(DATA)

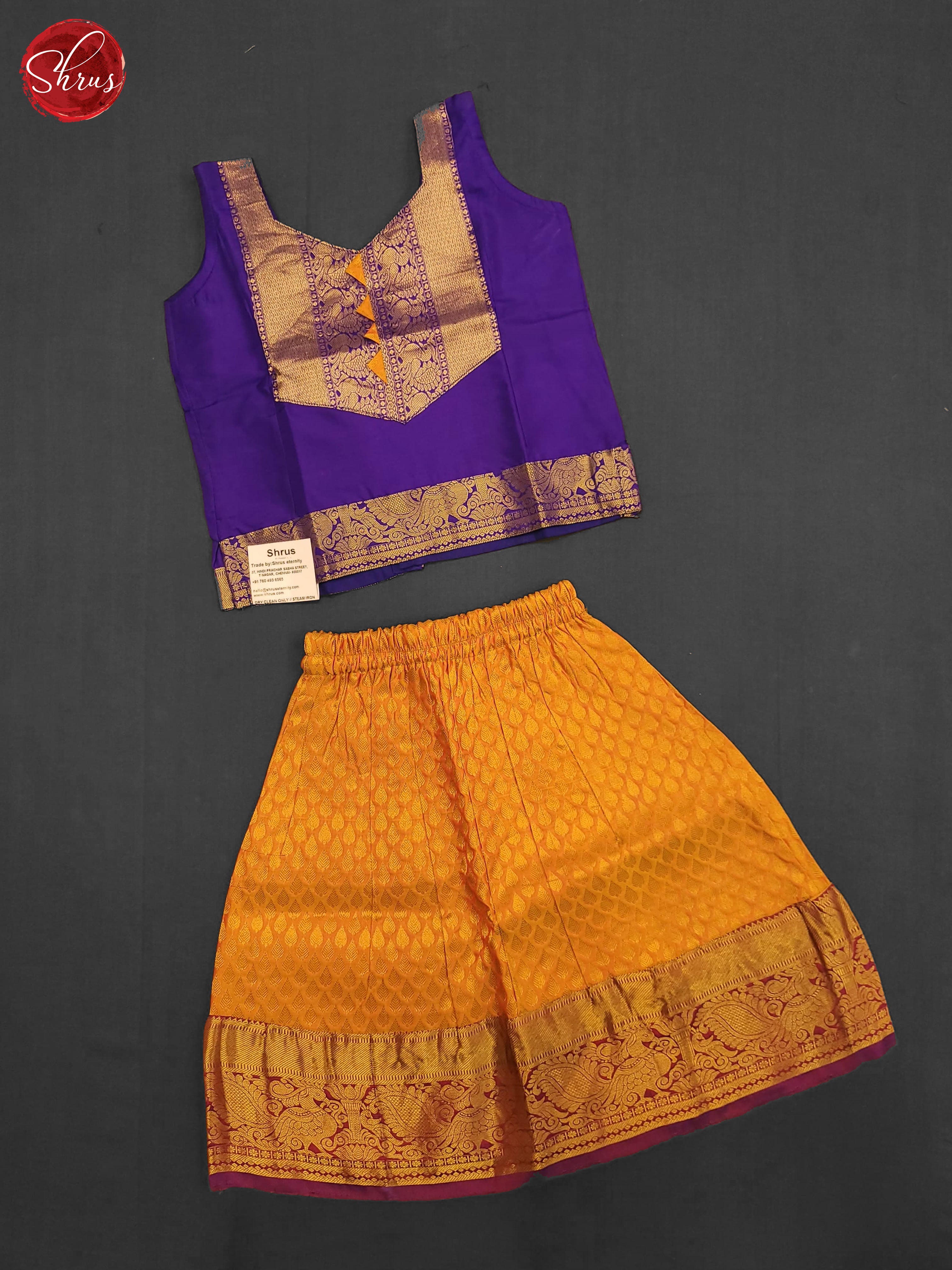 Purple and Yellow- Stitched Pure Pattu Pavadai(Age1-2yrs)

(End DATA)
(DATA)

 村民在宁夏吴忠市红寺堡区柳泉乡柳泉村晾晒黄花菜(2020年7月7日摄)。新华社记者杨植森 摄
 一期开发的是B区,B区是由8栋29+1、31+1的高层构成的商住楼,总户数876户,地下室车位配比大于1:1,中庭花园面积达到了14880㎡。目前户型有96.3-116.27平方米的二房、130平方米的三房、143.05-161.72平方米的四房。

(End DATA)
(DATA)

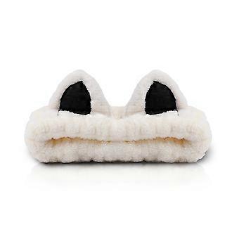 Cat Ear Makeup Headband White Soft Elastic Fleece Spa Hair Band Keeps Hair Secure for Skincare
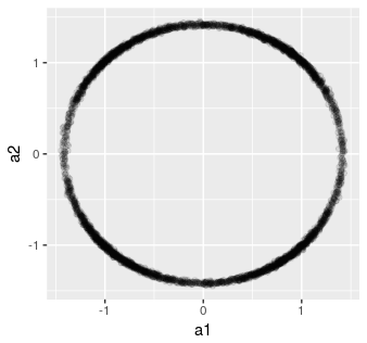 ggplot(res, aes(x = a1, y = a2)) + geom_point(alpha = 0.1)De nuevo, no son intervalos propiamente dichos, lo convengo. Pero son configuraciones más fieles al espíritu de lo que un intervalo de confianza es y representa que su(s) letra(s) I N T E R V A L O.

(End DATA)

ABOUT THIS TASK. Return the stretch of data that begins with the line showing "Cat Ear Makeup" and goes on through the line showing "ggplot(res, aes(x = a1, y", exactly, with pictures removed.

TASK ANSWER.
 Cat Ear Makeup Headband White Soft Elastic Fleece Spa Hair Band Keeps Hair Secure for Skincare
 ggplot(res, aes(x = a1, y = a2)) + geom_point(alpha = 0.1)De nuevo, no son intervalos propiamente dichos, lo convengo. Pero son configuraciones más fieles al espíritu de lo que un intervalo de confianza es y representa que su(s) letra(s) I N T E R V A L O.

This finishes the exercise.